The Fulbright Program is the flagship international educational exchange program sponsored by the U.S. government and is designed to increase mutual understanding. It is administered by the U.S. Department of State and is named for the late J. William Fulbright, a U.S. senator from Arkansas who long supported establishment of an international exchange program.
Kreiser said Colombia recently initiated a national program to improve student understanding of English. He will be involved in that program at the University of Cartagena. “I will teach an upper-level undergraduate course in ‘Discourse Studies,’” he said. The Fulbright program requires participants to write a report and to deliver public lectures on their observations when they return.
“Colombia is undertaking a program that every graduating student be able to communicate in English, so that will certainly be part of my teaching along with work in helping develop a department of modern languages in English,” he said.

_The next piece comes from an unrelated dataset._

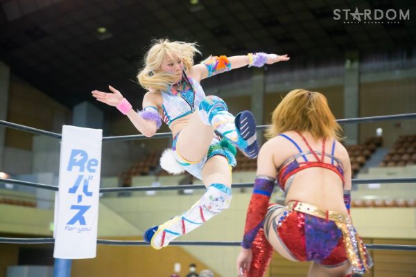 Koguma, que se ofereceu para ser o iniciante, indicou Kashima Saki. Kashima não respondeu à pose de urso de Koguma e o chutou, correndo para as cordas, mas Koguma a derrubou com uma chave de braço e a forçou a fazer a pose. Koguma e Hanan combinaram seus ataques. Kashima arranhou o rosto de Hanan. Ryuuka desferiu uma série de socos no corpo e um chute alto. Hanan acertou uma cotovelada, mas foi derrubada pelo chute alto de Ryuuka. Ryuuka provocou: "Vamos lá, campeã!", e Hanan desferiu uma série de cotoveladas. Kashima correu para as cordas e Hanan aplicou uma rasteira. Koguma acertou Kashima e Ryuuka com um golpe no corpo, depois pisoteou ambas e finalizou com um pisão. Kashima desviou do ataque de Koguma, seguido por um corbata e um chute alto. Ryuuka assumiu o controle e aplicou um golpe baixo no corpo. Koguma revidou o golpe no corpo de Ryuuka. Hanan aplicou um chute em Ryuka. Ryuka resistiu à chave de pulso dupla de Hanan e o socou no corpo. Ryuka o jogou no canto, mas Hanan pulou nas cordas e tentou um ataque no corpo, conseguindo uma contagem de dois. Ele imediatamente tentou uma chave de braço e depois outra, mas Ryuka girou para escapar, acertando um chute alto e um tackle de ombro. Ryuka aplicou um senton. Koguma aplicou um cutter em Ryuka, e Hanan o imobilizou com uma chave de pulso dupla, mas a contagem chegou apenas a dois. Ryuka escapou da chave de braço voadora de Hanan. Hanan correu para as cordas, e Ryuka atacou com um boxe, mas Koguma interrompeu a contagem com um laço. Ryuka aplicou um neck hanging bomb seguido de um freeze bomb, conseguindo a contagem de três

Kreiser, who joined the SRU faculty in 2003, will also conduct independent research and offer curricular consultation within the Programa Nacionalde Bilingüismo initiative at Cartagena.
He is one of approximately 1,100 U.S. faculty and professionals who will travel abroad through the Fulbright U.S. Scholar Program in 2010-2011.

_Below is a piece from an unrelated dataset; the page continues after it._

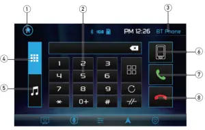 Preparation | Before you can use a Bluetooth device, it must be paired and connected. Make sure that Bluetooth is activated on your device before you begin the pairing process. The unit broadcasts the pairing signal constantly when no devices are currently connected. Complete the pairing sequence from your Bluetooth device. Refer to the owner’s manual for your device for more details. The device name is “CMR270”. The Bluetooth passcode is “0000”. The unit can be in any mode of operation when pairing is performed. On certain phones, pairing may need to be done more than once. Most Bluetooth devices support the auto-connect feature and will connect automatically if the device is in range when the unit is powered-on. If your device was previously paired but does not connect, enter the Bluetooth setup menu and turn Auto Connect on. To access the phone, select Bluetooth Phone from the Main Menu or press the phone icon from any operational mode. Press to return to the Main Menu screen. Use the phone keypad to dial the desired phone number. Alternately, numbers can be dialed directly from the phone. Displays current mode of operation. Press to access Bluetooth phone. Press to access Bluetooth music. Press to view a list of available devices. Press to connect a call. Press to end a call |

“The timing was perfect,” Kreiser said. “My wife, Melissa Teodoro, in the dance department, is doing research in Colombia during spring semester under a Pennsylvania State System of Higher Education grant, so we were able to rent an apartment and will be able to visit with family who live in Bogotá. We have an adopted daughter from Colombia and are in the process of adopting another, so they will have a chance to meet their extended family in Colombia.” Teodoro’s research will involve Afro-Colombia and carnival dance styles. She is an assistant professor of dance at SRU.